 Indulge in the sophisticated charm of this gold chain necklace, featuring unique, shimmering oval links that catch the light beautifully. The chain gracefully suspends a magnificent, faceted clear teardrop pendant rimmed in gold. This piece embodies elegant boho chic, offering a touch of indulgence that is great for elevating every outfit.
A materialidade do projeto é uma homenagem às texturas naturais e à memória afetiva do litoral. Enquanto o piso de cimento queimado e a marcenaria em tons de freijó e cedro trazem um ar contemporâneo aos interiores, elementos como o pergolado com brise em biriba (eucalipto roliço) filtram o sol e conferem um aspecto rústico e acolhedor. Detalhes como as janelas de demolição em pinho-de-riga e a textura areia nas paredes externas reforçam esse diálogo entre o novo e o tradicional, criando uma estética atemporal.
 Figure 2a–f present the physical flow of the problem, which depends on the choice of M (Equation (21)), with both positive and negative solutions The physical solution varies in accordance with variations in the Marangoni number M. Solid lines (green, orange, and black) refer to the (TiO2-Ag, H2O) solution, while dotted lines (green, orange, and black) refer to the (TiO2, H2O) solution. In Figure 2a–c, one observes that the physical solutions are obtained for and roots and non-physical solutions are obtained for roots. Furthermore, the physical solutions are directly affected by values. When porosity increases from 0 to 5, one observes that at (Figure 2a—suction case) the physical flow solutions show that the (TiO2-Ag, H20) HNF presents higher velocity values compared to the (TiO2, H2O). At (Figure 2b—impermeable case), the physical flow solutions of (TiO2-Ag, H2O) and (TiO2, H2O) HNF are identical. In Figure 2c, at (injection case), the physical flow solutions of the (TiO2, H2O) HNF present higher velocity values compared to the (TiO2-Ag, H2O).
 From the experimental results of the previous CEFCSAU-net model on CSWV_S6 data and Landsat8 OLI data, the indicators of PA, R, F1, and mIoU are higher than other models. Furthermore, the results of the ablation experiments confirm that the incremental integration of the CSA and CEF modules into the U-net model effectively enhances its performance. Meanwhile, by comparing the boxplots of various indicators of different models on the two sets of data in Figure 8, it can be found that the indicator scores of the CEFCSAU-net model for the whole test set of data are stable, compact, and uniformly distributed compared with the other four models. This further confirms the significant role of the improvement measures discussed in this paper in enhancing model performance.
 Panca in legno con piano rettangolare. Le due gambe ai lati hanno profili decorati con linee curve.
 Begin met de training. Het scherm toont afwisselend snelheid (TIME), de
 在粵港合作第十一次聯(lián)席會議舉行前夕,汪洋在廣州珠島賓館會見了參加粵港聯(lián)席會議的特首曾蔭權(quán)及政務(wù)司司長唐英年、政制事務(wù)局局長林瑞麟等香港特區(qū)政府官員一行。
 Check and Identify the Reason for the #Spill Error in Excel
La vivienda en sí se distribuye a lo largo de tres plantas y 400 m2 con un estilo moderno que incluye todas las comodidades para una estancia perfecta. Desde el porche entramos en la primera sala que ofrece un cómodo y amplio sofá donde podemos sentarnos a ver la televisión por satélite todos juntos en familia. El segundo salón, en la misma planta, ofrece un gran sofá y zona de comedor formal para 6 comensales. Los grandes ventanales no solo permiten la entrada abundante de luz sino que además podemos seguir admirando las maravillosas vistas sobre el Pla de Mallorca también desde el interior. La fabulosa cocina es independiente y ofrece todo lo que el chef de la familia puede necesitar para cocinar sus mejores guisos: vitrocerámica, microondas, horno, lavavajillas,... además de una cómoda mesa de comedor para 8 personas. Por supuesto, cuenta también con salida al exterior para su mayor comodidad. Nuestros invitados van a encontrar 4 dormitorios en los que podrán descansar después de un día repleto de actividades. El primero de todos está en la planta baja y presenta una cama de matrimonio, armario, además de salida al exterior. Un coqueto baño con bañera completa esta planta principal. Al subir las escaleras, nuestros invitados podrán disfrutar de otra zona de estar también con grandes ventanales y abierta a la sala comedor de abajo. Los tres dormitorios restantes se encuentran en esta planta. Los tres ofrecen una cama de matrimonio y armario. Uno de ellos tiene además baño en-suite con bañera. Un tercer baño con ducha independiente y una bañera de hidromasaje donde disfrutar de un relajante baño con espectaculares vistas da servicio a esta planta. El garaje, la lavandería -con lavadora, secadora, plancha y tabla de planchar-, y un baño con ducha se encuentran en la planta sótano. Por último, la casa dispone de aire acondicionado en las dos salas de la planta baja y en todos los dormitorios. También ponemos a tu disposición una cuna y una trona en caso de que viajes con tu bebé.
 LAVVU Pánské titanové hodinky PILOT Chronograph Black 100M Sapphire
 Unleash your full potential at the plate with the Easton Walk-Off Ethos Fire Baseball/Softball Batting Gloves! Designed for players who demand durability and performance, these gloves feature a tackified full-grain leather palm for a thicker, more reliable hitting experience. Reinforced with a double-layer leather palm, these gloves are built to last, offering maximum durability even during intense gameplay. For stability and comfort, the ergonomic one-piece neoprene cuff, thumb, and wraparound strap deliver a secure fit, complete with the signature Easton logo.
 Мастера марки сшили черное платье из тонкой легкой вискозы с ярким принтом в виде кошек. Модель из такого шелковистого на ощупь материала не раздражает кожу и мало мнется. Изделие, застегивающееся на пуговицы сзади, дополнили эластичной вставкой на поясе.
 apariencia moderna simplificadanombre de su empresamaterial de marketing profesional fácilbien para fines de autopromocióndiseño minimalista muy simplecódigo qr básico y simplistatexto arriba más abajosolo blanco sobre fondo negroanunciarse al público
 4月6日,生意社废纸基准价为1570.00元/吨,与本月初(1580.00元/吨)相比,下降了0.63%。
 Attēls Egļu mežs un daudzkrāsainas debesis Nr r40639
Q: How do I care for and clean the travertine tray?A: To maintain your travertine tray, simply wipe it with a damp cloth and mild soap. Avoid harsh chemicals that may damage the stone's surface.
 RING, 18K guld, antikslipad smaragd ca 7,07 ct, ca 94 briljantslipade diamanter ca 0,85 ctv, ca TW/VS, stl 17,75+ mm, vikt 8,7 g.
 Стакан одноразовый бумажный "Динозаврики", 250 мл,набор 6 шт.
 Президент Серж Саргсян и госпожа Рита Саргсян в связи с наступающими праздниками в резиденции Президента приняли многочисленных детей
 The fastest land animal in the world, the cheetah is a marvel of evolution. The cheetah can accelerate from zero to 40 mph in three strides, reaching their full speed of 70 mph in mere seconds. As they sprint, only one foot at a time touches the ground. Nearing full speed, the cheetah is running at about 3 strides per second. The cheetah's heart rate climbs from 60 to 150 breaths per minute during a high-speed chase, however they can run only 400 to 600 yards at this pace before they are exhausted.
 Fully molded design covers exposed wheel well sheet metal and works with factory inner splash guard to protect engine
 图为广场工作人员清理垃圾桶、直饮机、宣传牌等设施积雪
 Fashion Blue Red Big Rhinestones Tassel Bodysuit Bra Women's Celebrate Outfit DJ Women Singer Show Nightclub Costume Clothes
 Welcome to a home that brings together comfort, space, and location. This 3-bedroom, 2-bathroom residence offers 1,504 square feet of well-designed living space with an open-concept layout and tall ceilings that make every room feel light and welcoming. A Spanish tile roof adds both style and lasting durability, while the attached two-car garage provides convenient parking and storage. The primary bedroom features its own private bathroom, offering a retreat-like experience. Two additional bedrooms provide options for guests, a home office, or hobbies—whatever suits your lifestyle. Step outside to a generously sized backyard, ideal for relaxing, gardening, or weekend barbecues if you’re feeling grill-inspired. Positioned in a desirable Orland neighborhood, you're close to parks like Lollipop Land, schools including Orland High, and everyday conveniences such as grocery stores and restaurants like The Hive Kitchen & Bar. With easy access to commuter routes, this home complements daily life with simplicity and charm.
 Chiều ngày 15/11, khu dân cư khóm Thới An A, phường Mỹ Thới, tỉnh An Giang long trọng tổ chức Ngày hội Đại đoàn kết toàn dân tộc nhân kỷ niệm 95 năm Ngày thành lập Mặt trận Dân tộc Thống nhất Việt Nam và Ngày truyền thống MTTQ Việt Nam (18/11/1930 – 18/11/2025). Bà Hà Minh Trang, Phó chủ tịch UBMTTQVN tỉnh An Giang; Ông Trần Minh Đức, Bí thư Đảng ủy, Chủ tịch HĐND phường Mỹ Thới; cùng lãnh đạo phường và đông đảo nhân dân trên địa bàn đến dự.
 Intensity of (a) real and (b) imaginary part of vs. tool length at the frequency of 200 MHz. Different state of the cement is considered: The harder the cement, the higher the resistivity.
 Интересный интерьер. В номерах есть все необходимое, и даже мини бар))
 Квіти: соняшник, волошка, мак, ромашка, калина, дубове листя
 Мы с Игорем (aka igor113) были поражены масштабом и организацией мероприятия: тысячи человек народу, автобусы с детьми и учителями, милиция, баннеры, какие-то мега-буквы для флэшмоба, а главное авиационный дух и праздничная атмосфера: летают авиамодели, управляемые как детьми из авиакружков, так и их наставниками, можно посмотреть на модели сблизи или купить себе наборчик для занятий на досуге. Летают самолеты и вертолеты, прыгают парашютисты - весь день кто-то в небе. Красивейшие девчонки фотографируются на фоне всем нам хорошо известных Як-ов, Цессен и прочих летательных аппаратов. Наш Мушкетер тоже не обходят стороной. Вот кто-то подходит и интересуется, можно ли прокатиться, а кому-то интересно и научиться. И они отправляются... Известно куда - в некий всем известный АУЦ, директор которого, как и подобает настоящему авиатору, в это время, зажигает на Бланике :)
==========
* Your task: From the records above, print only the lines between the one holding "RING, 18K guld, antikslipad" and the one holding "Fashion Blue Red", inclusive, exactly as they stand.

* Exercise solution:
 RING, 18K guld, antikslipad smaragd ca 7,07 ct, ca 94 briljantslipade diamanter ca 0,85 ctv, ca TW/VS, stl 17,75+ mm, vikt 8,7 g.
 Стакан одноразовый бумажный "Динозаврики", 250 мл,набор 6 шт.
 Президент Серж Саргсян и госпожа Рита Саргсян в связи с наступающими праздниками в резиденции Президента приняли многочисленных детей
 The fastest land animal in the world, the cheetah is a marvel of evolution. The cheetah can accelerate from zero to 40 mph in three strides, reaching their full speed of 70 mph in mere seconds. As they sprint, only one foot at a time touches the ground. Nearing full speed, the cheetah is running at about 3 strides per second. The cheetah's heart rate climbs from 60 to 150 breaths per minute during a high-speed chase, however they can run only 400 to 600 yards at this pace before they are exhausted.
 Fully molded design covers exposed wheel well sheet metal and works with factory inner splash guard to protect engine
 图为广场工作人员清理垃圾桶、直饮机、宣传牌等设施积雪
 Fashion Blue Red Big Rhinestones Tassel Bodysuit Bra Women's Celebrate Outfit DJ Women Singer Show Nightclub Costume Clothes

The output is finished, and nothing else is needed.